- DVD Cover
- Directed by: Mahagama Sekera
- Written by: Mahagama Sekera
- Produced by: Chithra Balasuriya
- Starring: Joe Abeywickrema Karunarathna Ranasinghe
- Cinematography: Sumittha Amarasinghe
- Edited by: Dillimuni Jayathissa
- Music by: W. D. Amaradeva
- Release date: 1970;
- Running time: 93 mins
- Country: Sri Lanka
- Language: Sinhala

= Thun Man Handiya =

Thun Man Handiya movie (Sinhala for Three Way Junction) is a 1970 dramatic film made by Sri Lankan artist Mahagama Sekera and produced by Chithra Balasuriya. It is autobiographical and recounts Sekera's childhood though the character of Sirisena.

==Plot==
The film is set in a small village and follows progression in painter Abilin's (Joe Abeywickrema) life through the eyes of his nephew Sirisena (Kumara Balasooriya, Karunarathna Ranasinghe). Abilin is an alcoholic and drifts through his life in debt and without focus. After getting into arguments with other villagers and his own brother (Dharmadasa Kuruppu), Abilin decides to take a job with a rich landowner (A. P. Gunarathna).

Sirisena then goes to art college inspired by his uncle. He develops his art skill there and dreams of showing his talent to Abilin. Abilin's situation, however, deteriorates due to alcoholism, juxtaposing serenely with Sirisena's foray into art in the city.

==Cast==
- Joe Abeywickrama as Abilin Singho 'Mama'
- Kumara Balasooriya as Adolescent Sirisena
  - Karunaratne Ranasinghe as Young Sirisena
- Shanthi Lekha as Sirisena's Amma
- Dharmadasa Kuruppu as Podi Mama
- Denawaka Hamine as Sirisena's Achchi
- D. A. Balasuriya as Sirisena's Thaththa
- A. P. Gunaratne as Ralahamy
- Gemunu Wijesuriya as Aisey
- Somasiri Dehipitiya as Jamis
- Swarna Mallawarachchi as Yasawathie
- Srimathi B. Lekamge as Doctor
- Chandra Kaluarachchi as Sophie
- Chandrapala Wijesooriya as Podi Mahaththaya
- Soma Bopitiya as Hamine
- Geethani Wickramasinghe as Sudu Menike
- Sunil Jayaweera as Art Teacher
- Karunarathna Ranawaka as Napo Singho
- Dharmasena Athukorala as Jayasinghe Teacher
- Wijeratne Warakagoda as Nadagam performer
- D. S. Karunarathna as Varliyanu
- W. D. Amaradeva as Harmonium player

==Music==
W. D. Amaradeva composed the music for the film and sang the song "Atheethayen Ganga." Wijerathna Warakagoda sings "Yannem Dakna Se Ma." Both were written by Mahagama Sekera with music by Amaradeva.

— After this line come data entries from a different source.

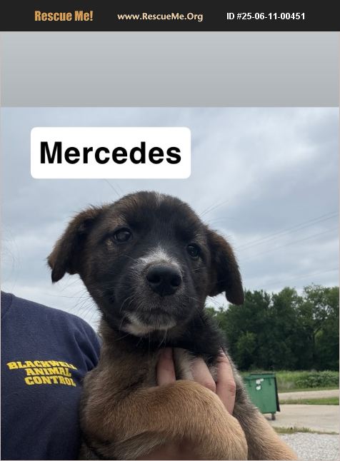 Mercedes is a fun pup that loves to follow you around. She has been in the shelter for a little over a week. She is about 2 to 3 months old.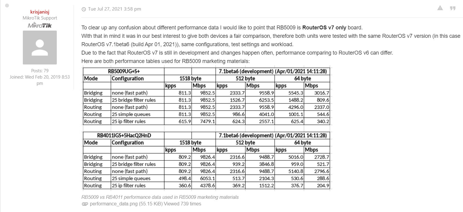 官方已经说明RB5009只支持v7,下面是与RB4011使用v7.1beta6的对比测试,相关性能对比参考: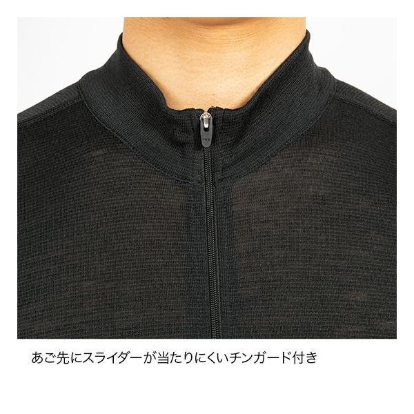 メリノウール本来の保温・調湿性と高機能ポリエステルの吸汗速乾加工を兼ね備えているため、蒸れにくく汗を素早く乾かします。
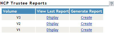 Under Manage NCP Services, the View Trustee Reports option opens the NCP Trustee Reports page where you can generate a trustee report for a specified NSS volume. This includes Dynamic Storage Technology shadow volumes that are comprised of two NSS volumes. You can display the last trustee report in the web browser. A trustee report shows the rights settings by folder for each user or group that is a trustee on the NSS volume.

==Awards and nominations==
1971 	- 	The Most Promising Director - The Awards Festival of the Film Critics and Journalists of Ceylon in 1970 - 1971. Awarded to Director, Mahagama Sekera.

1972 	- 	Diploma Certificate - Symposium of Young Cinematographers of Africa, Asia, and Latin America at the 17th International Film Festival in Karlovy Vary, Czechoslovakia. Awarded to Director, Mahagama Sekera.

1972 	- 	Diploma Certificate - Committee for Afro-Asian Solidarity of the USSR, The Tashkent International Film Festival. Awarded to Director, Mahagama Sekera.

1980 	- 	Mahagama Sekera was awarded for the Most Outstanding Film Creation of the Decade of 1970 at the OCIC [Office Catholique Internationale du Cinema] Salutation Festival held in 1980.

1997 	- 	Mahagama Sekera was awarded the Golden Jubilee Award from the National Film Corporation of Sri Lanka. Thung Mang Handiya was rated among the ten best cinematic creations of the Sri Lankan Cinema.